The line containing "Some of the" marks the end: copy exactly every line from the start of the records below up to and including it, leaving out pictures.

Data:
--*--

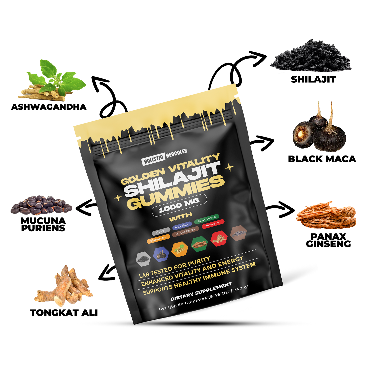 Our gummies combine Shilajit and Tongkat Ali to naturally promote healthy testosterone levels, helping restore your energy, stamina, and masculinity.
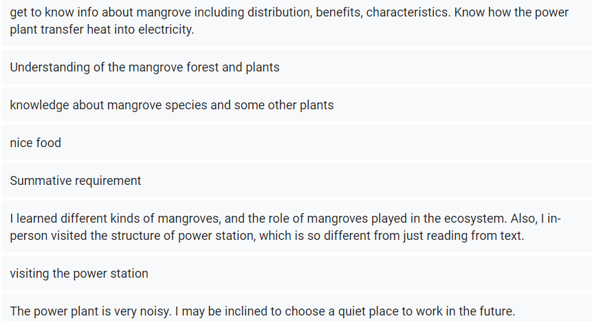 Some of the students’ Key take aways from the whole activity 一些学生主要收获:
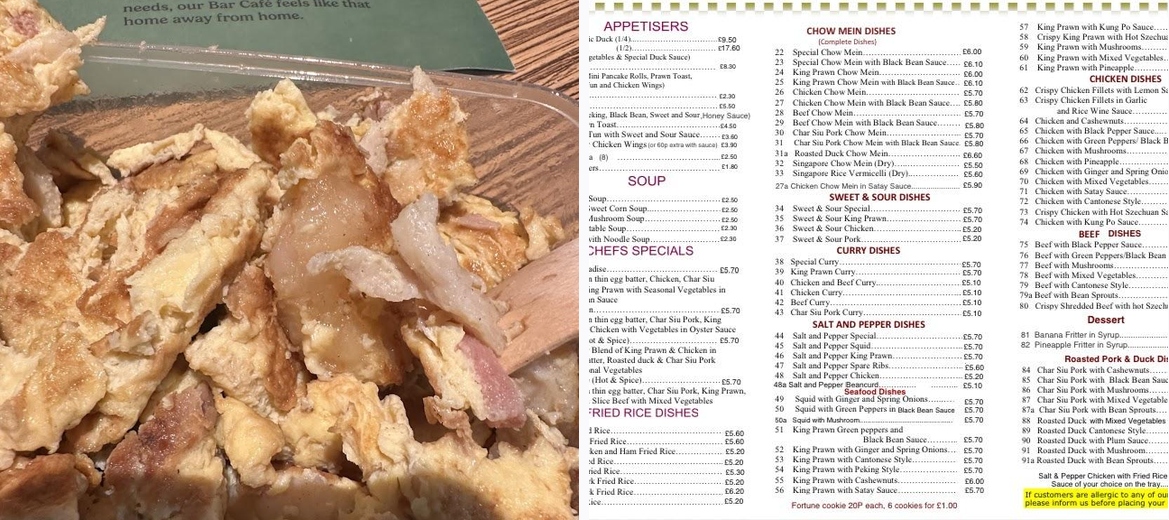 Don't be put off my negative reviews. I've been ordering food from ere past 5 years. Never had a bad meal from ere. Quick delivery always piping hot and very tasty. Definitely in my top 5 Chinese takeaways.
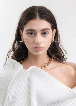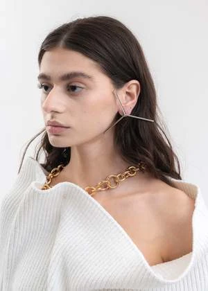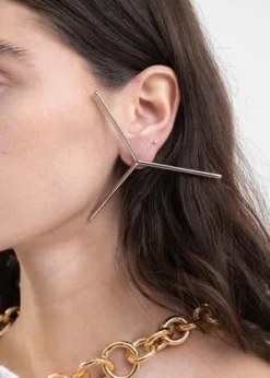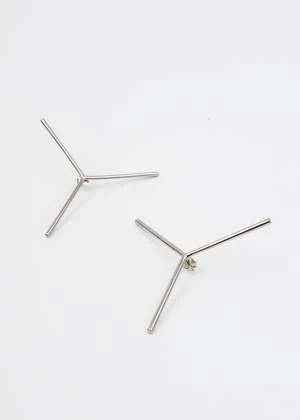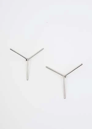 Maxi Y single earring in silver, from Y-Project. Features a segmented Y-logo motif construction with tonal post-stud closure.
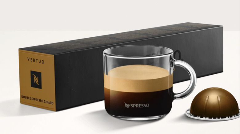 A double shot of espresso, also known as doppio, the Italian word for "double," refers to two shots of espresso rather than a single shot. In a Nespresso pod, that means double the amount of ground coffee and double the amount of water. Instead of using standard 1.35-ounce espresso pods, you'll be popping in a 2.7-ounce double espresso pod. At present, the Vertuo line offers three double espresso blends, each with its own unique characteristics.
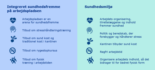 Flere tidligere initiativer har haft fokus på, hvordan sundhedsfremmende tiltag kan integreres i arbejdsmiljøarbejdet, men det har primært været baseret på medarbejdernes motivation og ressourcer. Svagheden ved denne tilgang er, at det kræver et aktivt tilvalg. Det kan betyde, at det i højere grad er medarbejdere, der i forvejen har sunde vaner og fleksibilitet i arbejdet, der anvender og får glæde af sundhedsfremmetilbuddene – men hvad med resten? Det er velkendt, at andelen med dårligt fysisk helbred og langvarig sygdom stiger med faldende uddannelsesniveau.
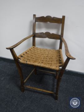 A rush seated kitchen armchair
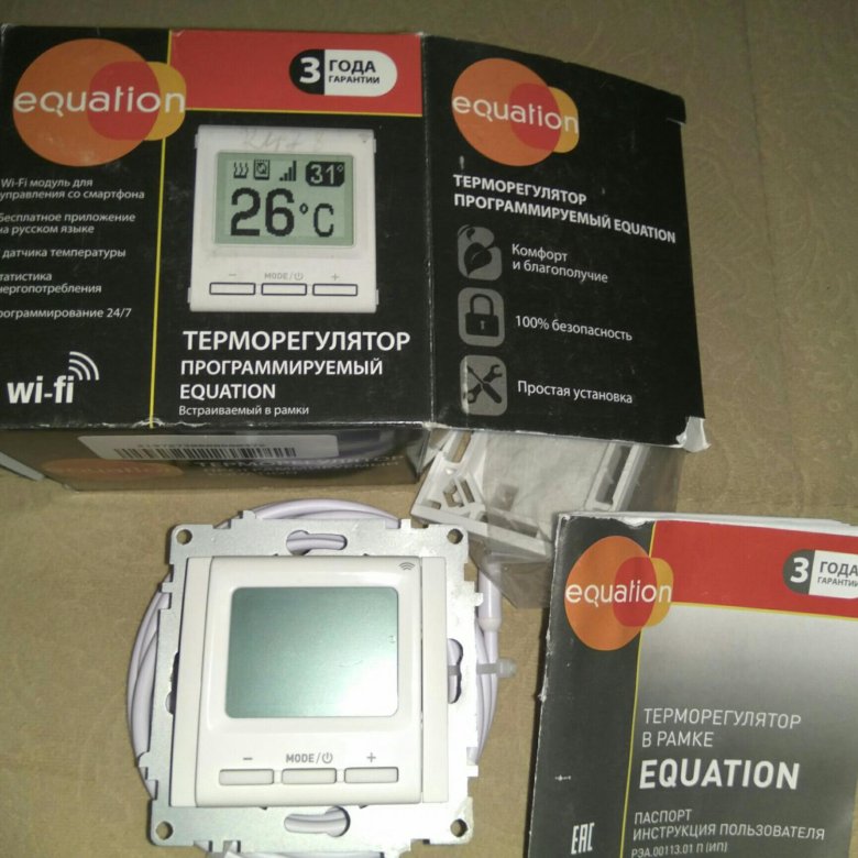 В комплект к терморегулятору входит датчик температуры, монтажная коробка, клеммы, инструкция по монтажу и эксплуатации
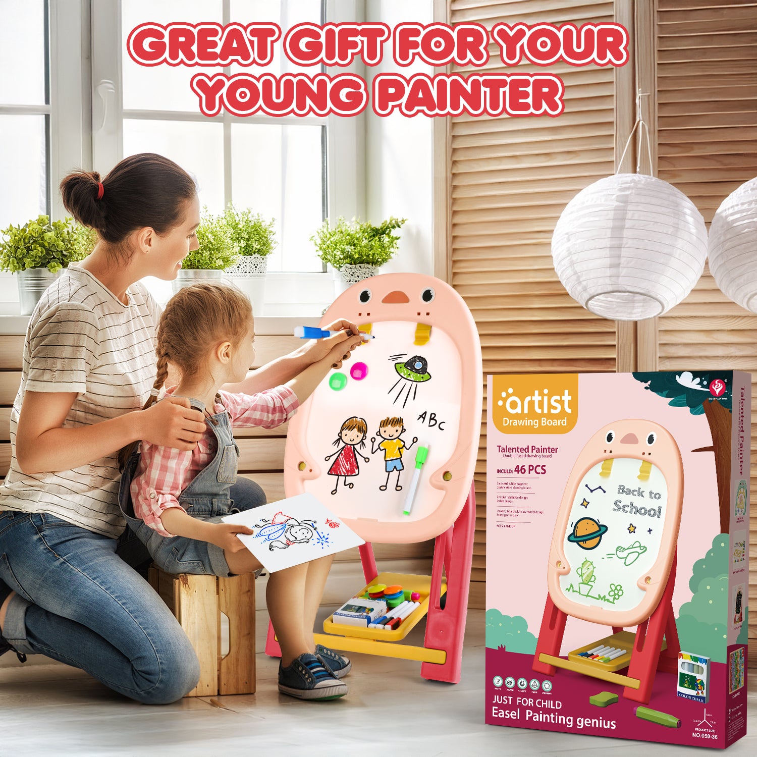 Huge Wave Easel for Kids, Double Sided Chalkboard and Whiteboard, with Drawing & Board Games Cards Accessories, Christmas Birthday Gift for Kids Age 2-6 (Pink)
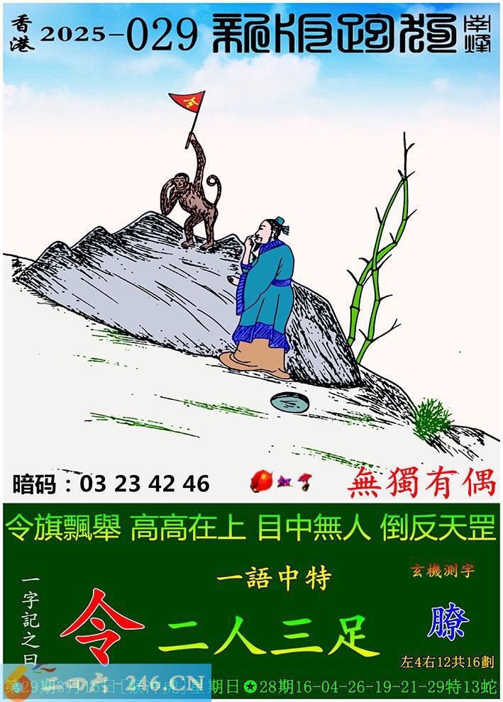 029期跑狗一字記之曰:【令】 令旗飄舉,高高在上。 目中無人,倒反天罡。 玄機測字:《膫》 一語中特:二人三足
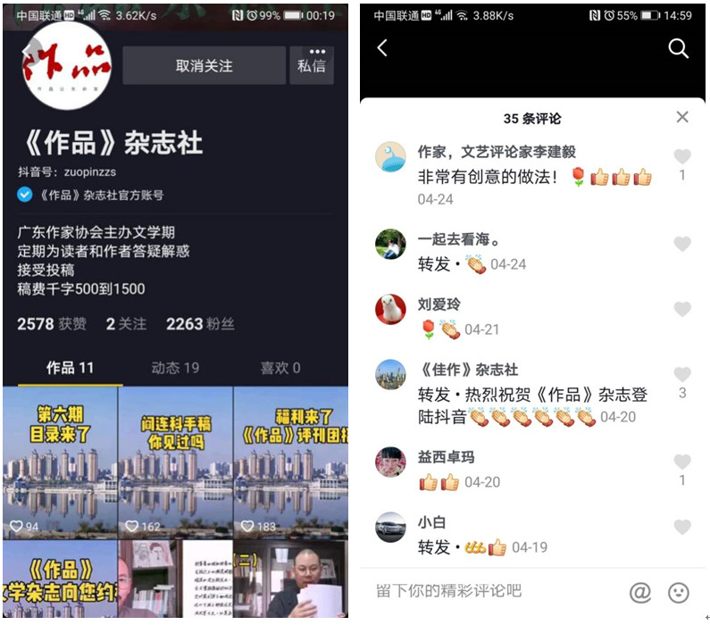 自2020年4月入駐抖音APP以來,《作品》雜志社官方號共發布作品11條,視頻內容均為介紹當期刊發作品、展現編輯工作日常、賞讀知名作家手稿,獲贊數和粉絲數均有兩千余。刊物負責人王十月用個人抖音號試水,也收割了6萬獲贊,1.6萬粉絲,成為了一名小小“文學”網紅。王十月說,自己本以為抖音上的年輕人會喜歡金庸,但沒想到文學的流行面孔早已革新,新一代年輕人對武俠小說興趣有限,對網絡文學認同感更高,“你要是膽敢在抖音上說一句《雪中悍刀行》不好看,至少能有十萬的播放,不過他們不會給你點贊”。王十月發現,新一代年輕人的認知已經和“70后”的自己有著極大的差別,自己對年輕人的所思所想知之甚少,做抖音能倒逼他按照年輕人的想法思考,也能讓刊物的內容最大限度地被更多讀者熟悉。按照抖音短視頻的運行機制,要在20秒內將核心的內容提供給用戶,撰寫抖音文案時,他發現自己以前的寫作廢話太多,“要按照抖音文案的標準,一篇文章最后留下的就是精彩的東西”。
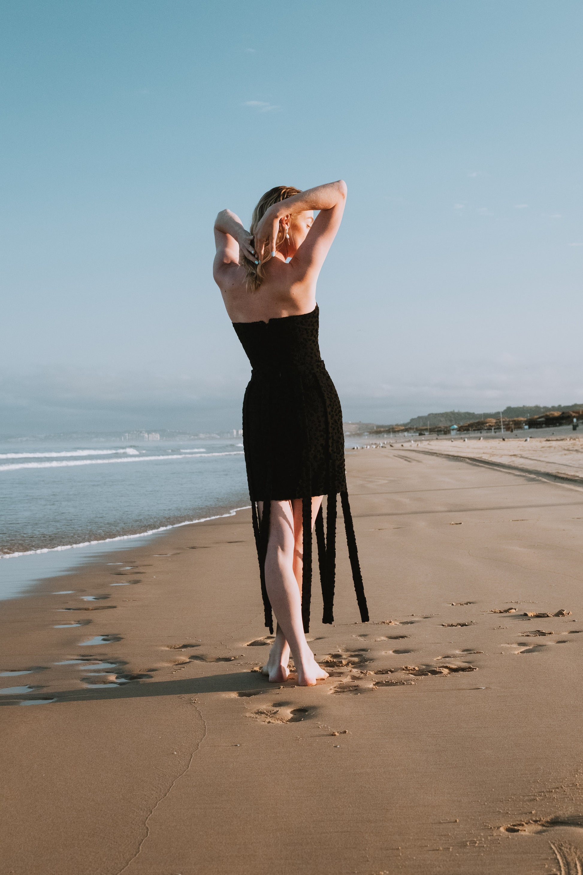 Introducing our exquisite Black Jacquard Bustier skirt, adorned with delicate polka dots for a timeless appeal.

--*--

Reply:
 Our gummies combine Shilajit and Tongkat Ali to naturally promote healthy testosterone levels, helping restore your energy, stamina, and masculinity.
 Some of the students’ Key take aways from the whole activity 一些学生主要收获:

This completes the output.